Кусок пирога, или Чонси – панк-рокер из Плимута - Анастасия Перегудова
Шрифт:
Интервал:
Закладка:
– Скоро приедет наш автобус, – глядя в небо, сказал он. – Что-то новенькое, а? – Его голос внезапно задрожал, хоть он и пытался скрыть волнение под напускным спокойствием. Опустив голову, Гровер наконец обратил свой взгляд на меня и слабо улыбнулся уголком рта, ухмыляясь чему-то, хотя глаза его были полны не веселья, а тоски. Приблизился ко мне и, чуть нагнувшись, перекинул свою сильную руку через мои плечи и прижал к себе, как если бы боялся, что я вынырну из-под его хватки и бесследно растворюсь в белом облаке тумана.
– Где мама? – спросил я, губы мои, казалось, от волнения скрипели, как скрипела у нас дома половица – предвестница беды. Накинутая поверх моих плеч джинсовая куртка нисколько не согревала – наоборот: то самое ужасное предчувствие, поднимающееся ноющей болью из моего желудка, распространялось ознобом по всему телу, и на мгновение показалось, что эта боль сейчас разорвет меня, и я просто исчезну в тумане, но, скрестив руки наподобие обруча, я сообразил обхватить себя за живот и так держал сам себя изо всех сил.

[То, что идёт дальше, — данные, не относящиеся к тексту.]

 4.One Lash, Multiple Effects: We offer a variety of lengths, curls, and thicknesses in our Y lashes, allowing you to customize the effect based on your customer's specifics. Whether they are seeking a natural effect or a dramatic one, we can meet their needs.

– Не волнуйся, она придет за нами, – стараясь держаться уверенно, ответил брат. Пнув мыском мелкий камушек, он тяжело вздохнул и вновь утешительно потрепал меня по плечу. Ветер усиливался с каждой минутой, отсыревший воздух вместе с клочьями тумана забивался в легкие, и я съежился, стараясь унять дрожь и по-прежнему на всякий случай крепко сжимая живот руками. Гровер, видя, как я скукоживаюсь, стал растирать мои плечи все сильнее, с остервенелым отчаяньем пытаясь согреть меня, но безуспешно.

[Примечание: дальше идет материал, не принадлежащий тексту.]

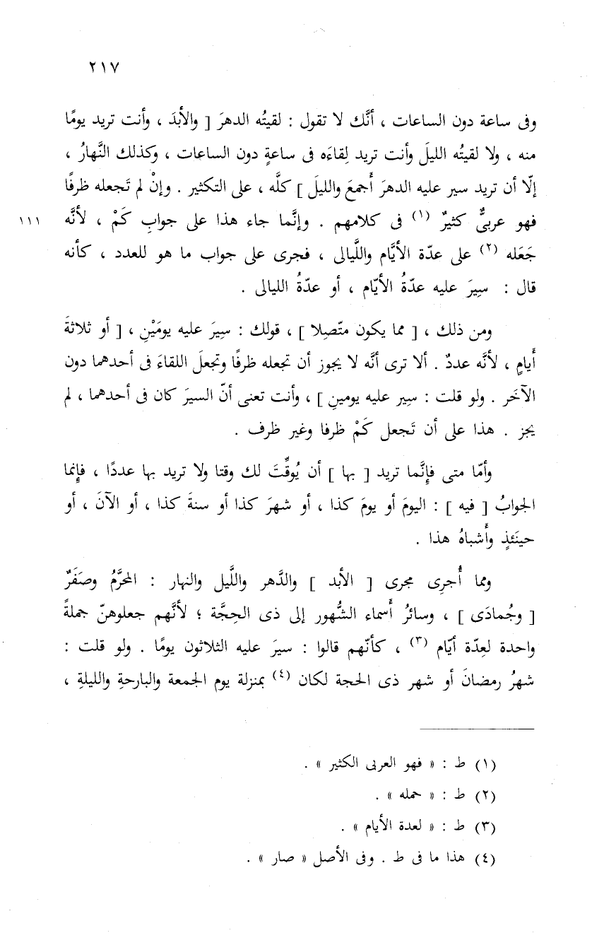 وفى ساعة دون الساعات، أنَّك لا تقول: لقيتُه الدهرَ " والأبدَ، وأنت تريد يوماً منه، ولا لقيته الليل وأنت تريد لقاءهفي ساعةٍ دون الساعات، وكذلك النَّهارُ، إلاّ أن تريد سير عليه الدهرَ أَجمعَ والليلَ " كلَّه، على التكثير. وإنْ لم تَجعله ظرفاً فهو عربىٌّ كثيرٌ فى كلامهم. وإنَّما جاء هذا على جوابِ كَمْ، لأنَّه جَعَله على عدّة الأيَّام واللَّيالى، فجرى على جواب ما هو للعدد، كأنه قال: سِيرَ عليه عدّةُ الأيّام، أو عدّةُ الليالى.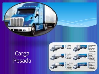 Este documento describe diferentes tipos de carga para transporte, incluyendo carga pesada, carga refrigerada y carga por volumen, así como el transporte económico de mercancías.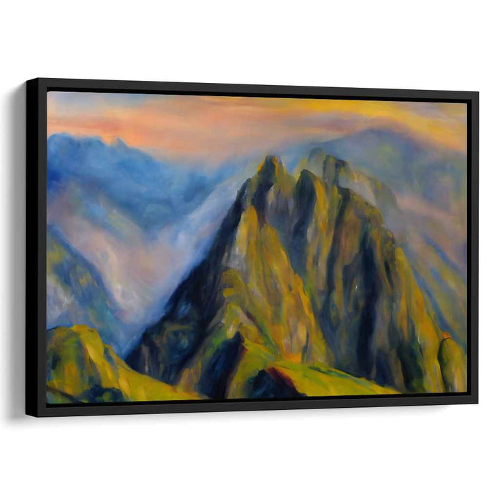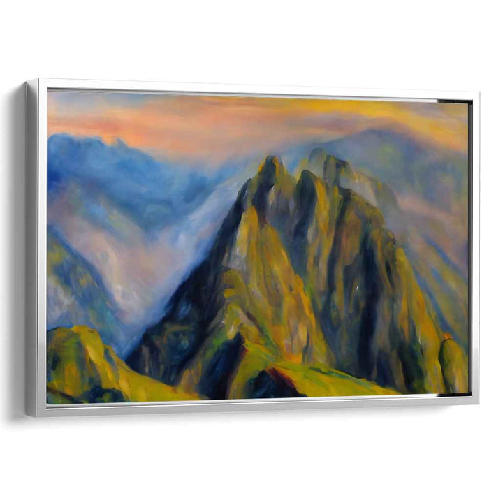 Introducing 'Misty Peak Awakening: Serene Mountain Landscape at Dawn,' a mesmerizing canvas art that transports you to a world of majestic mountains bathed in the ethereal light of dawn or dusk. This captivating piece showcases a rugged mountain range, its peaks jutting into the sky with a sense of grandeur and majesty.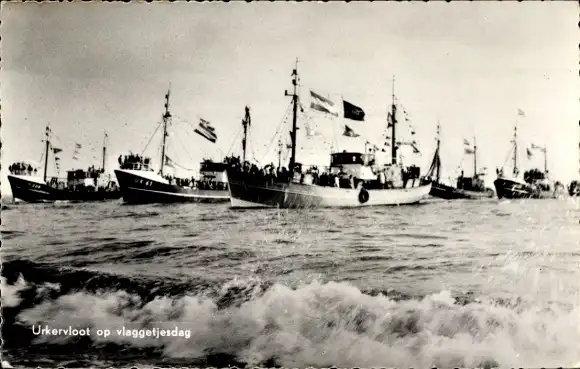 Ak Urk Flevoland Niederlande, Ukervloot am Flaggentag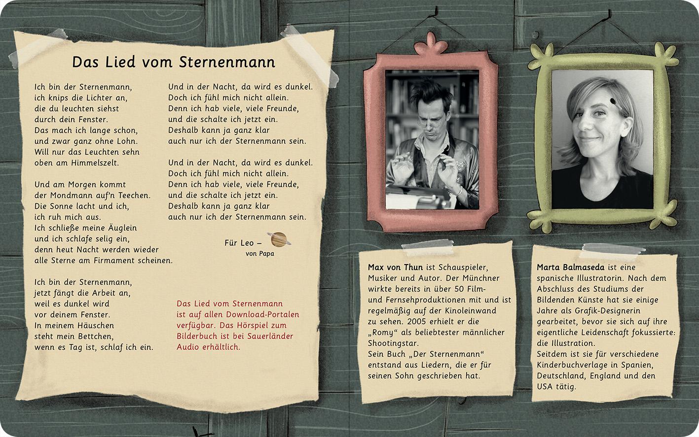 - Mit Sternenmann-Song: Das Gutenachtlied zum Bilderbuch, das Max von Thun für seinen Sohn geschrieben hat, ist auf allen gängigen Download-Portalen sowie als Hörspiel bei sauerländer audio erhältlich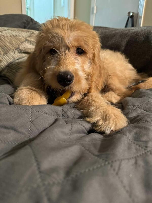 Each N-Bone Puppy Teething Ring is twisted into its unique shape by hand. The hand-shaped ring gives your puppy special grooves to chew on, helps keep teeth clean from plaque and tartar, and soothes sensitive gums. The pliable texture is not too harsh on young teeth and easy for little puppy paws to grip.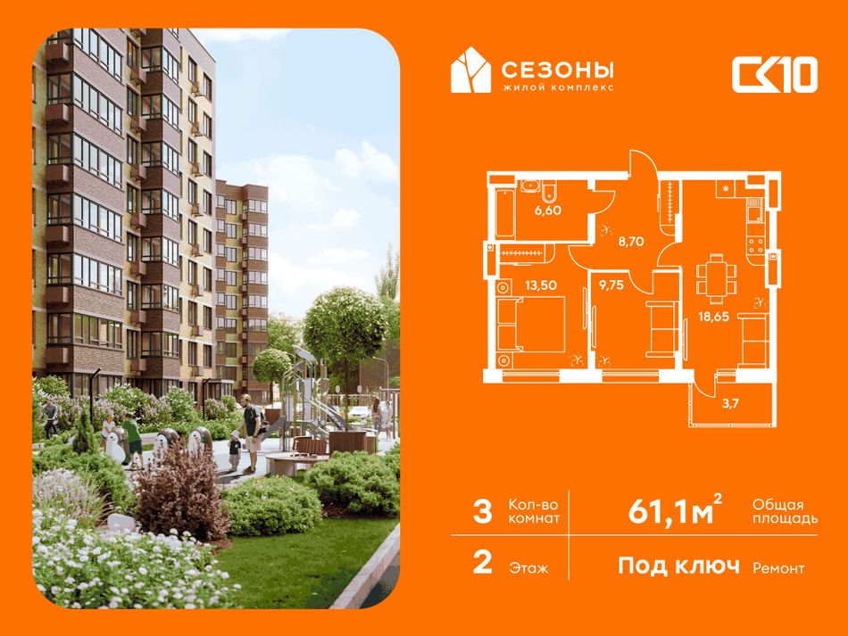 3-комнатная — 61,1 м² 2/9 эт. в Сезоны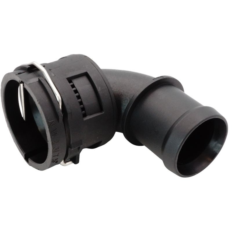Ez a prémium minőségű BMW hűtővíz könyökcső csatlakozó, más néven vízperem vagy water flange, kulcsfontosságú alkatrész a hűtőfolyadék szivárgásmentes áramlásához. A mellékelt képen látható 90 fokos kialakítású csatlakozó gyorscsatlakozós véggel és integrált tömítési megoldással készül, így ideális választás elöregedett, repedt vagy szivárgó hűtőrendszeri elemek cseréjére. A delman.hu kínálatában elérhető alkatrész segít megelőzni a hűtőfolyadék-veszteséget, a nyomásproblémákat és a túlmelegedésből eredő komolyabb motorkárosodásokat.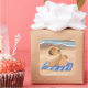 Un diseño dulce para la decoración y el desgaste de verano. La pequeña vaca está bronceándose en la playa con una expresión alegre en la cara.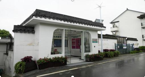 这处驿站位于浙江省杭州市富阳区东梓关村,是由一处废弃的配电房改造而成的。驿站屋顶配备了光伏发电板,它与旁边的几台风力发电机一起,担负起驿站日常运转所需的电能。

– Куда мы?.. – Я вновь поднял глаза на брата и напряженно сощурился, как будто хотел каким-то чудом разгадать ответ. Однако ответить он не успел. За нашими спинами раздались шаги, обернувшись, в тумане я увидел маму. Она волочила за собой по влажному асфальту большущую сумку на колесах, пыхтя и от напряжения стискивая зубы, едва перебирала уставшими ногами в балетках на низком каблуке. Она действительно пришла за нами, как и обещал Гровер.
Только когда мама подошла к нам вплотную, и Гровер мигом выхватил из ее тонких, но невероятно сильных рук тяжелую ношу, я увидел ее глаза – они были наполнены слезами, отражавшими безграничную пустоту улиц.
Тыльной стороной ладони вытерев глаза, мама обменялась с Гровером торопливым шепотом, из которого я не расслышал ни слова, а затем, наконец, одарила меня вселяющим надежду взглядом. Окончательно сморгнула слезы, точно их и не было вовсе, и, едва шевеля губами, коснулась ими моего затылка: «Я все тебе объясню, малыш, обещаю. Дай мне немного времени». Я не знал, сколько надо дать маме времени, потому просто стоял, хлопая глазами, терпеливо ждал, переводя взгляд с мамы на брата и обратно с брата на маму. Так прошло несколько минут и, внезапно я понял, что никто не собирается мне ничего объяснять, мы просто ждем приезда автобуса. Но, с мамой мне стало спокойней, и я стал разглядывать серые облака. Витиеватыми узорами расплываясь по небу, они, гонимые порывами ветра, сбивались в одну сторону и неслись сквозь хладно-солнечные просветы куда-то вдаль.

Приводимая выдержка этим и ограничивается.